■ **WHAT TO WORK ON**
The listing below is to be duplicated exactly, with every picture omitted.

■ **RAW DATA**
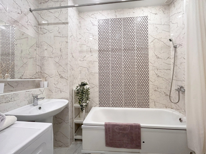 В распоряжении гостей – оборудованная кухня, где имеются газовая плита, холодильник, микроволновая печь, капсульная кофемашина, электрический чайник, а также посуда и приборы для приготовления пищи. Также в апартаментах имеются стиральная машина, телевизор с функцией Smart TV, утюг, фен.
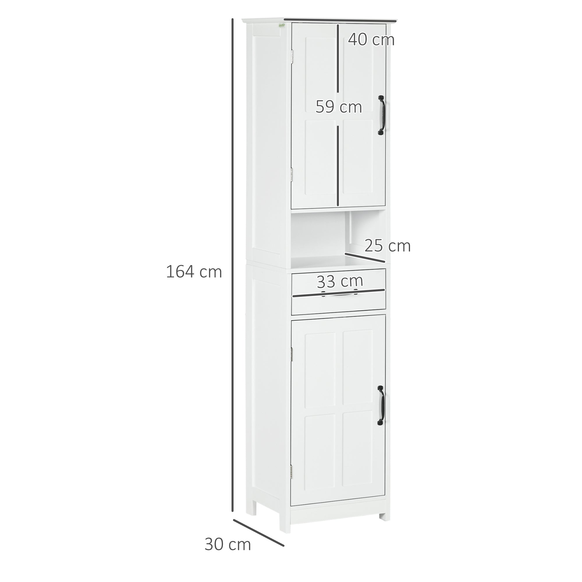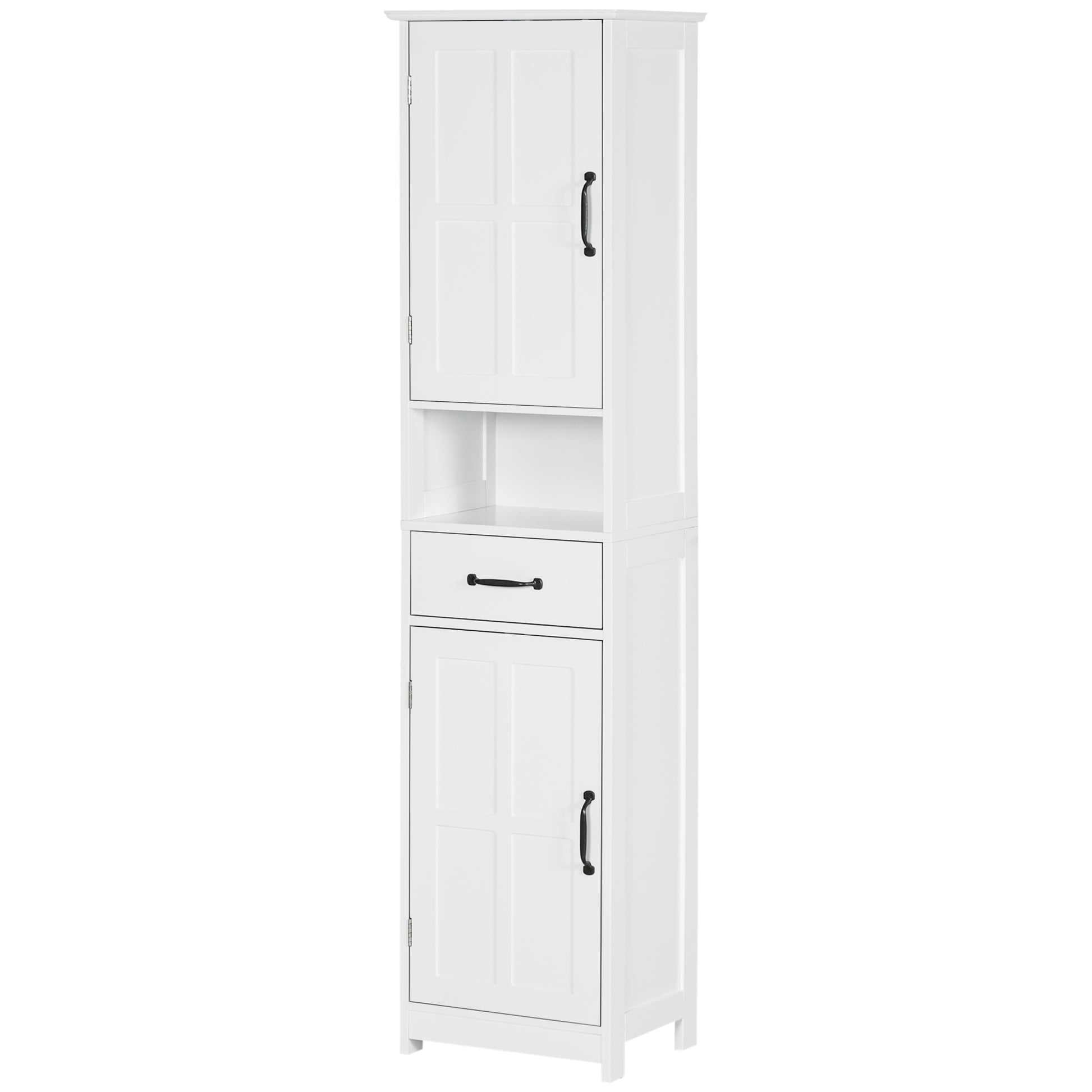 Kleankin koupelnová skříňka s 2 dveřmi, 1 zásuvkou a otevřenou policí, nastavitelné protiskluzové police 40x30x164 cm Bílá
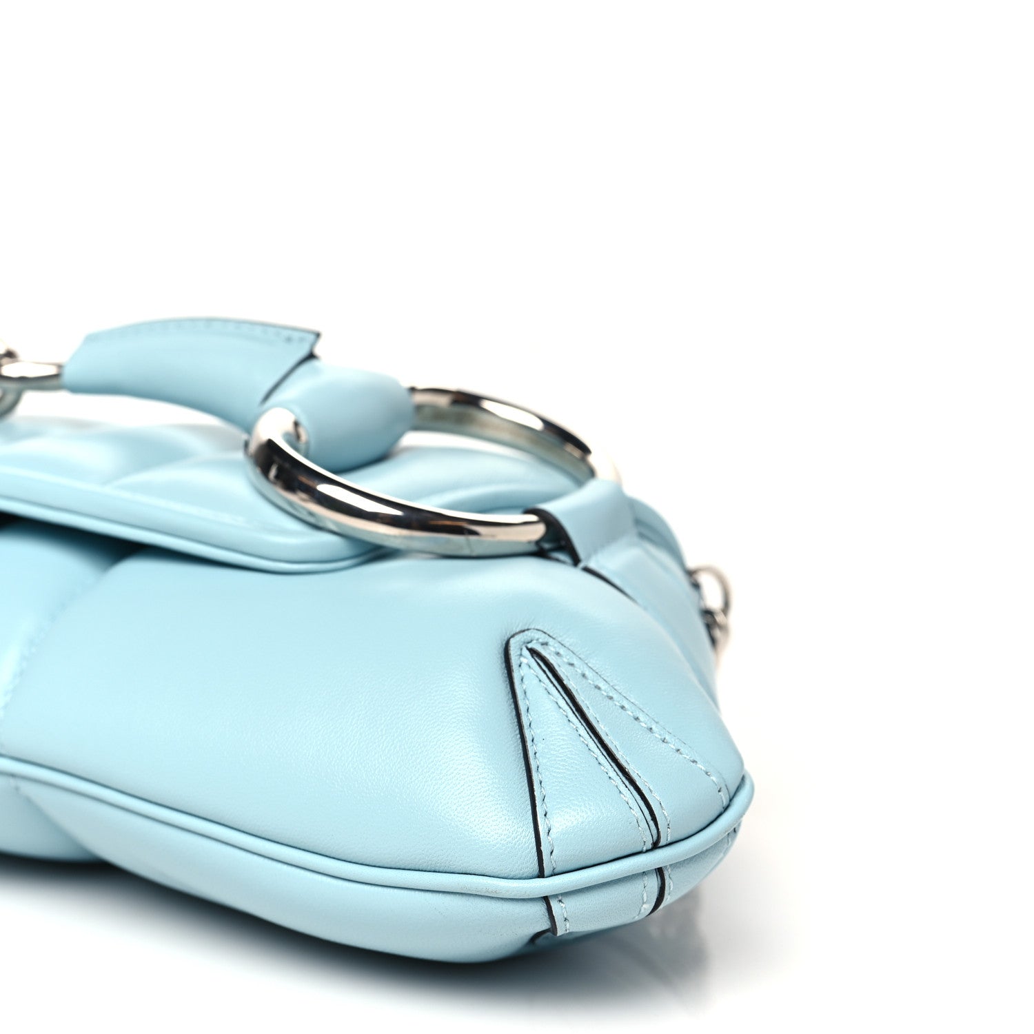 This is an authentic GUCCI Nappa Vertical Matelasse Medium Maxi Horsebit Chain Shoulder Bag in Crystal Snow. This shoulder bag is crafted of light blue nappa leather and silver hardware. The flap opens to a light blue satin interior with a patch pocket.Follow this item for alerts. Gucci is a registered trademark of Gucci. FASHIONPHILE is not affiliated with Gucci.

■ **OUTPUT OF THE TASK**
 В распоряжении гостей – оборудованная кухня, где имеются газовая плита, холодильник, микроволновая печь, капсульная кофемашина, электрический чайник, а также посуда и приборы для приготовления пищи. Также в апартаментах имеются стиральная машина, телевизор с функцией Smart TV, утюг, фен.
 Kleankin koupelnová skříňka s 2 dveřmi, 1 zásuvkou a otevřenou policí, nastavitelné protiskluzové police 40x30x164 cm Bílá
 This is an authentic GUCCI Nappa Vertical Matelasse Medium Maxi Horsebit Chain Shoulder Bag in Crystal Snow. This shoulder bag is crafted of light blue nappa leather and silver hardware. The flap opens to a light blue satin interior with a patch pocket.Follow this item for alerts. Gucci is a registered trademark of Gucci. FASHIONPHILE is not affiliated with Gucci.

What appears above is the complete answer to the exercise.